For the data that follows, print the line with "ACアダプターの注意書き部分", the line with "Нажмите на Автоматически, и", and all lines between them, exactly as they stand. Omit pictures and add nothing.

→ DATA EXTRACT
━━━━━━━━━━

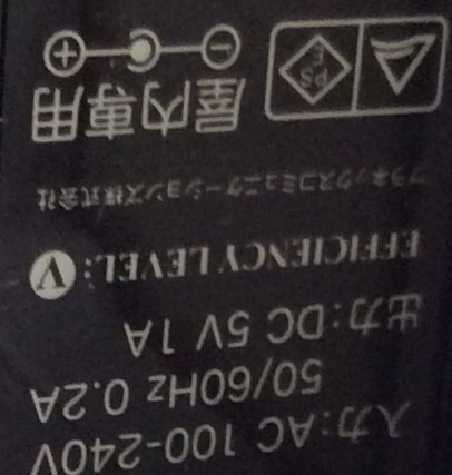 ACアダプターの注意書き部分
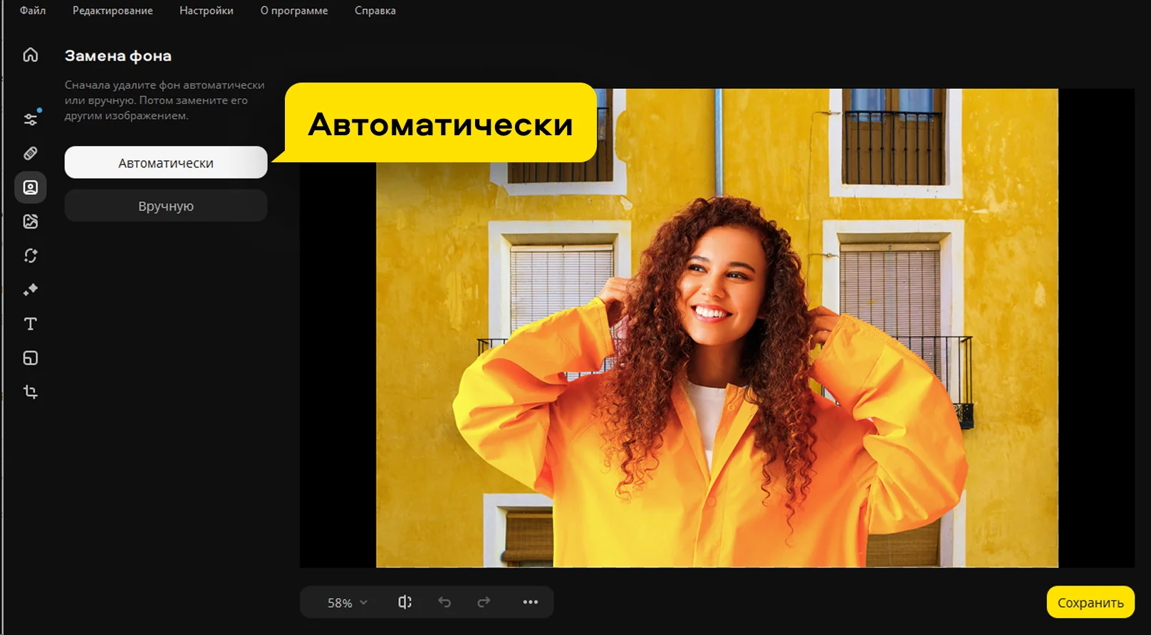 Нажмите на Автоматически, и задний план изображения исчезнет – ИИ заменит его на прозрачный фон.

━━━━━━━━━━

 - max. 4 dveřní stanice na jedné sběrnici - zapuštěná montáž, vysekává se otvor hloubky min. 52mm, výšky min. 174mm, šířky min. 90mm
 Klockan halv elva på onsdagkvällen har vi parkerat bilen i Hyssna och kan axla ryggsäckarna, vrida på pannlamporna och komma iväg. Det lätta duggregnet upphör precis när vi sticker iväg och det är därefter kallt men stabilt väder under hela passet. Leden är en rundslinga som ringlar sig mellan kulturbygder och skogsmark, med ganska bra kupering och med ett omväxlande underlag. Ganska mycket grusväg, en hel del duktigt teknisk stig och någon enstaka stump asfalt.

━━━━━━━━━━

→ EXERCISE RESPONSE
 ACアダプターの注意書き部分
 Нажмите на Автоматически, и задний план изображения исчезнет – ИИ заменит его на прозрачный фон.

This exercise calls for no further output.